Não vejo muita graça em comparar animais ou plantas e seres humanos. Cada um tem a sua especificidade, a sua originalidade, um jeito próprio de ser e existir. Acreditar que o que acontece com eles pode acontecer conosco é um tanto forçado, em todo caso... La Fontaine e Esopo que me perdoem.
Acontece que no meu jardim, nos últimos tempos, tenho observado a ação de umas formigas que não param de cortar as plantas. Já tentei conversar com elas, me explicar, convencê-las de que não devem cortar as flores do meu jardim, mas não adiantou, elas continuam cortando.
Até entendo que se não fosse esse seu gesto, esse seu modo de trabalhar, elas não sobreviveriam, afinal, todo mundo precisa comer. Aí vem outro problema: elas comem tudo, comem demais, querem rapar tudo, são insaciáveis! Não descansam enquanto não depilam uma ou duas arvorezinhas por completo.
Pensei em agir de modo radical. Iria numa loja de produtos agropecuários, compraria, com a devida receita agronômica, um tanto bom de veneno e acabaria de vez com todas as formigas. Pensando bem, resolvi deixar essa atitude de lado, o veneno poderia até me intoxicar, poderia contaminar meu jardim. Melhor seria buscar outra estratégia.
Outro dia pensei em arranjar umas cigarras e pedir a elas que cantassem para distrair as formigas, mas me lembrei que essas duas espécies não são muito amigas. Formigas gostam de cortar folhas, cigarras de cantar e, no passado, as formigas deixaram as cigarras padecerem de fome e frio no inverno.
Sei que, talvez, a culpa não seja das formigas, pois fomos nós que alteramos seu habitat e, a partir do desequilíbrio causado por nós mesmos, elas aumentaram muito. Seus predadores naturais, que poderiam ao menos controlar seu apetite, desapareceram, porque nós também os destruímos.
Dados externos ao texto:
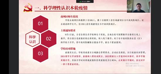 为深化大学生思想政治教育,强化师生疫情防控意识,引导广大青年学生严格落实疫情防控各项工作要求,弘扬伟大抗疫精神,以实际行动迎接党的二十大胜利召开,831日下午,校领导张志昌、范新会、彭虎军、刘勇、刘宝盈、王新军、郭瑾以“云端授课”的形式,为全体学生讲授“开学第一课”。

Na verdade, não culpo todos os seres humanos, seria injusto da minha parte, pois nem todos são responsáveis pela degradação ambiental, nem todos são poluidores ou esbulhadores do patrimônio ambiental que, afinal, é de toda a humanidade.
Alguns são responsáveis, e muito pela destruição ambiental. Por um motivo ou outro, a mando de alguém ou visando seus próprios interesses, algumas pessoas põem fogo onde não devem, despejam resíduos tóxicos em rios limpos, jogam esgotos, ou deixam que joguem, em mares, lagos e córregos. Usam e abusam de produtos tóxicos, venenos, aditivos proibidos, não respeitam carências, mentem a esse respeito, burlam a legislação. Os atingidos nem sempre têm sequer o direito, ou o tempo, de se defenderem. Crianças e idosos, geralmente os mais frágeis, sofrem com a ganância e a fome de lucros de uns poucos. Aqueles que acobertam ou não fiscalizam são, de certo modo, cúmplices.
Enquanto isso, as formigas não desistem do meu jardim. Não sei se elas próprias sabem que, talvez, até elas fiquem sem ter o que comer no futuro. Se minhas arvorezinhas morrerem, não sei se planto outras.
Pensei nessa história toda por causa de uma declaração que vi num jornal. Um governador disse: “Não podemos abrir mão de nosso desenvolvimento. Hoje, de 25% a 28% de nossa área estão sendo utilizados para a agricultura ou para a pecuária. Podemos chegar até o percentual de 40% e iremos fazer isso”. (Jornal da Ciência, 6/08/04). O governador se colocava contra a proposta da SBPC de uma moratória no desmatamento da Amazônia. Proposta que não foi bem recebida por ele.
Aí me lembrei das fábulas. E me lembrei também daquela sobre os sócios do leão, que vou contar a seguir. Dizem que, há muitos anos, uma ovelha, uma cabra e um leão tornaram-se sócios. Um veado caiu numa armadilha da cabra e eles quiseram fazer a partilha da presa. O leão logo partiu a caça em quatro partes e disse: — eu fico com a primeira porque sou o rei, pego a segunda por direito, tomo a terceira por ser dos três o mais valente e, se alguém quiser a quarta, acabo com ele.
2 comentários:
Veia infantil a flor da pele.
Gostei. Sabe que vc está em crescimento?
Ótimo texto Renato!
Sabe que às vezes sinto que nós é quem somos as formigas? E o irônico é que o veneno que pode nos matar é produzido por nós mesmos.